In October of 2019, the Centers for Medicare and Medicaid Services (“CMS”) and the Office of Inspector General, U.S. Department of Health and Human Services (“OIG”) issued proposed rule changes to the Stark and federal Anti-Kickback Statute (“AKS”), respectively, that put forth many helpful updates intended to encourage and advance coordinated care efforts between hospitals and physicians and provide additional exceptions and safe harbors addressing many historical issues related to “technical non-compliance.” The proposed changes were touted as part of the Trump administration’s “Regulatory Sprint to Coordinated Care” and “Patients Over Paperwork” initiatives. Comments on the proposed rules were due by December 31, 2019.

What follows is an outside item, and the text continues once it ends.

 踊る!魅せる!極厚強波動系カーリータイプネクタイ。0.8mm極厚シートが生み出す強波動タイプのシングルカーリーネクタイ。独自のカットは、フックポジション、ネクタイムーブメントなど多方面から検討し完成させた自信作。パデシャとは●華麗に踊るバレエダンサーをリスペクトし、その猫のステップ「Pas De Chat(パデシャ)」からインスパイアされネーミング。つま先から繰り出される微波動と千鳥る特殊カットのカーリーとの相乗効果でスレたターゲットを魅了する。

Thereafter, CMS established and publicized an internal deadline of August 2020 by which it intended to finalize changes to the Stark rules. Given CMS’s own internal regulatory work plan along with a widely held belief that the Trump administration wanted to finalize the modifications prior to the election as further evidence of his accomplishments related to the lessening of regulatory burdens, many expected the changes to be finalized any day.

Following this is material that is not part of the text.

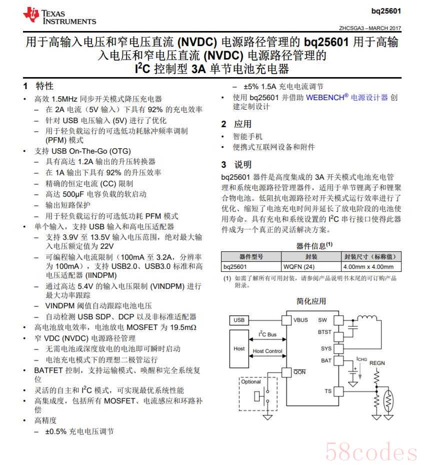 TI德州仪器BQ25601充电IC,是高度集成的3A开关模式电池充电管理和系统电源路径管理器件,适用于单节锂离子和锂聚合物电池。低阻抗电源路径对开关模式运行效率进行了优化、缩短了电池充电时间并延长了放电阶段的电池使用寿命。BQ25601还具有充电和系统设置的I²C串行接口,使其能够非常灵活的应用。

However, on August 27, 2020, CMS published notice that it was formally extending the deadline for finalizing the Stark rule changes to August 31, 2021. In doing so, CMS stated that the delay was due to “the complexity of issues raised by comments received on the proposed rule.” Given the complexity of Stark and AKS, this statement comes as no surprise. Nonetheless, many in the industry continue to believe that CMS and the OIG will publish final rules in the near future, with the delay being only temporary. In fact, final rules were submitted to the Office of Management and Budget on July 21st.  Nonetheless, these developments are (i) confirmation that the rule changes are and will continue to be complex, and (ii) an indication that there may be a number of substantive changes to and differences between the proposed and final rules. Regardless of when the final rules are issued, it is important to remember that the preamble to the proposed rules did contain a number of helpful comments from CMS and the OIG interpreting existing rules, which will continue to be helpful going forward.